Multi-Rate Filters

ECE Capstone Design Project, Spring ‘14

Students: Mitch Gollub, Jay Nadkarni, Digant Patel, Sheldon Wong

Advisor: Dr. Spasojevic

Abstract

Introduction

Digital filters are a critical part of the growing field of technology. Devices and machines commonly use signals to transfer information which must be filtered or manipulated in order for other devices to interact .The goal of this project is to explore a set of reliable multirate filter designs and construction methods for specific hardware applications. One specific difficulty in filter design is the climbing computational load of a high sampling rate system. The greater the number of samples, the greater the number of computations a system must perform.
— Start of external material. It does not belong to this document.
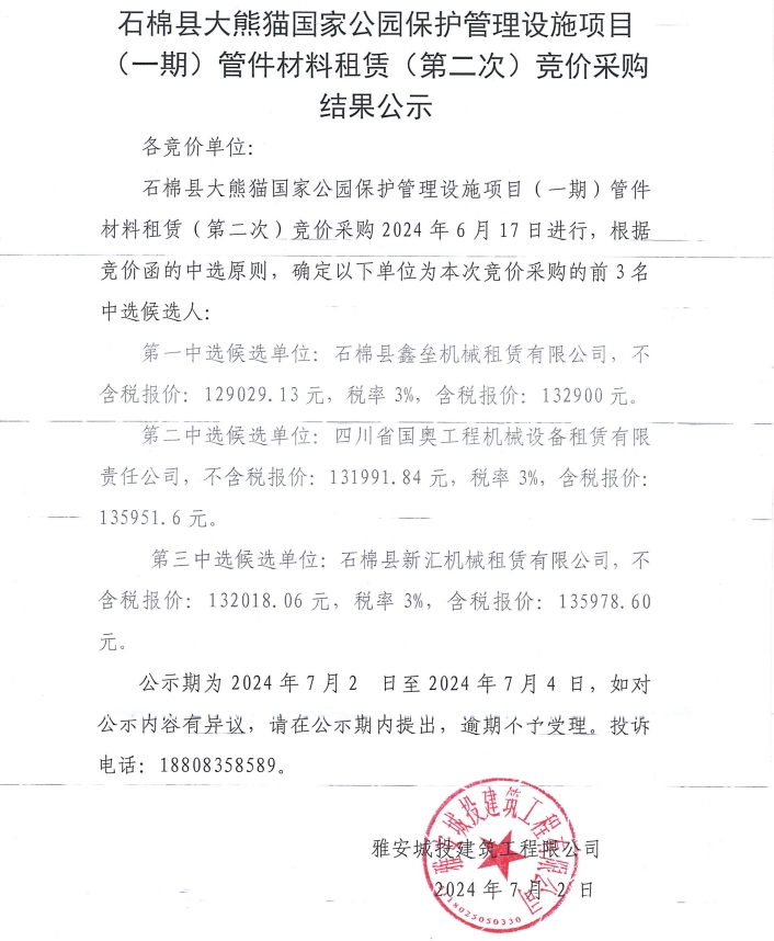 石棉縣大熊貓國(guó)家公園保護(hù)管理設(shè)施項(xiàng)目(一期)管件材料租賃(第二次)競(jìng)價(jià)采購(gòu)結(jié)果公示

These multirate filters are commonly implemented as a bank of FIR(Finite Impulse Response) filters. One of the main topics of optimization investigated was the benefits of decimating an input signal to decrease computational load.

Design

Before moving into the hardware implementation, the first objective was working in MATLAB to construct a filter bank model. There are five essential steps including: determining filter specifications, filter coefficient calculation, structure design, simulation using Simulink, and migration to a hardware implementation. MATLAB offers various filter toolboxes that aid in the design of these FIR filters (fdatool). Using Simulink, which is an extension of MATLAB, it was possible to test block designs and observe the input/output signals of the design. MATLAB was also critical in determining the MACs(Multiply and Accumulate Computations) which is used to illustrate the performance benefits of different filter designs. The most efficient designs were selected to be modified into VHDL code so that it can be run on an FPGA board. LabView is utilized to sync the specified designs to the myRIO FPGA for filtering on the hardware.

Conclusion

Progressively the team navigated through filter hierarchy and along the way learned about the many different aspects of creating an efficient filter from design to hardware implementation. Challenges steadily arose, but provided for an excellent learning journey. Future project work includes experimenting with distributed processing/pipelining features that are inclusive on the FPGA’s we worked with. While the experiments produced valuable filtering results, the team understands there are many more optimizations that can be made to further the project goals.